In the context of increasingly complex health care systems and limited government resources, physicians’ accountability will become more important.

The impasse over the physician services agreement continues between Ontario’s Ministry of Health and Long-Term Care, and the Ontario Medical Association, which represents about 30,000 physicians in Ontario.

Much has been written about this, in medical literature and in the mainstream media. Most of the conversation revolves around dollars and cents; there is not much talk about the social contract between the physicians and citizens of Ontario.

What does the social contract between physicians and the public look like?

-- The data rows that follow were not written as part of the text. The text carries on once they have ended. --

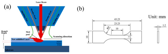 (a) Diagram illustrating the experimental method for the DED-LB. (b) Measurements of the dimensions for the tensile sample.
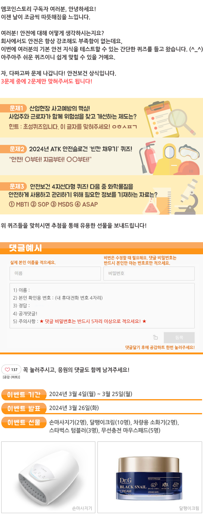 | 안전보건 퀴즈 이벤트 결과 발표_웹진 [앰코인스토리] (2) | 2024.03.26 |
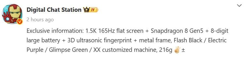 The device is said to feature a 6.7-inch OLED display with a 1.5K resolution and a 165Hz refresh rate, targeting smooth visuals for gaming and media. Tipped to weigh 216 grams, the phone may arrive in Fresh Black, Electric Purple, Shadow Green, and a special edition colorway.
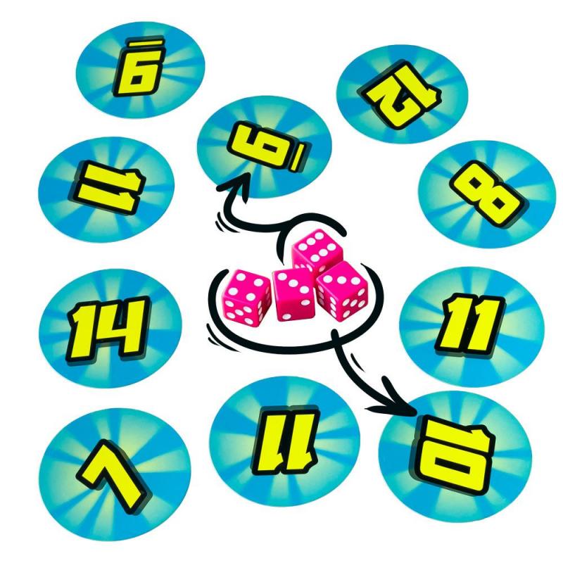 Se despliegan 10 cartas en la mesa, se lanzan los dados
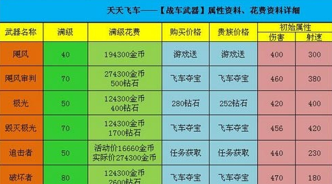 天天飞车经典模式会有个直升机模式,这里面也是需要我们的车辆有一定的战斗力的,今天千城为大家带来的是战车全武器消耗花费大全,希望大家能够喜欢。

Has it changed, in this era of government austerity and finite health care dollars (particularly when physician billing alone makes up about 10 percent of Ontario’s budget)?

In Western medicine, the social contract between physicians and society is tacit. Society affords physicians a certain respect, status and financial remuneration. This is in return for services rendered, professional autonomy and self-regulation, and a health care system within which to work. It is understood that physicians are to be ethical, competent, accountable, and empathetic to patients, society, their colleagues and themselves.

The social contract took on this form for a variety of reasons. With the growing value accorded to scientific knowledge in the late 19th and early 20th centuries, physicians gained more influence and importance in society. Paul Starr, an American sociologist, has noted that as health care became commoditized and moved from the home into the market during this period, physicians used the cultural authority of science and higher knowledge to control the supply of health care. They achieved this by becoming a more unified profession, and by limiting entry into the profession through restricted admission into training programs, licensing laws, and controlling the provision of medications. In Canada, things unfolded in a similar way. Canadian physicians have played a central role in the development and regulation of the medical profession — particularly its independence — and more broadly in the health care systems we know today.

A thorough understanding of this evolving social contract can help health care stakeholders make sense of challenges the medical profession currently faces.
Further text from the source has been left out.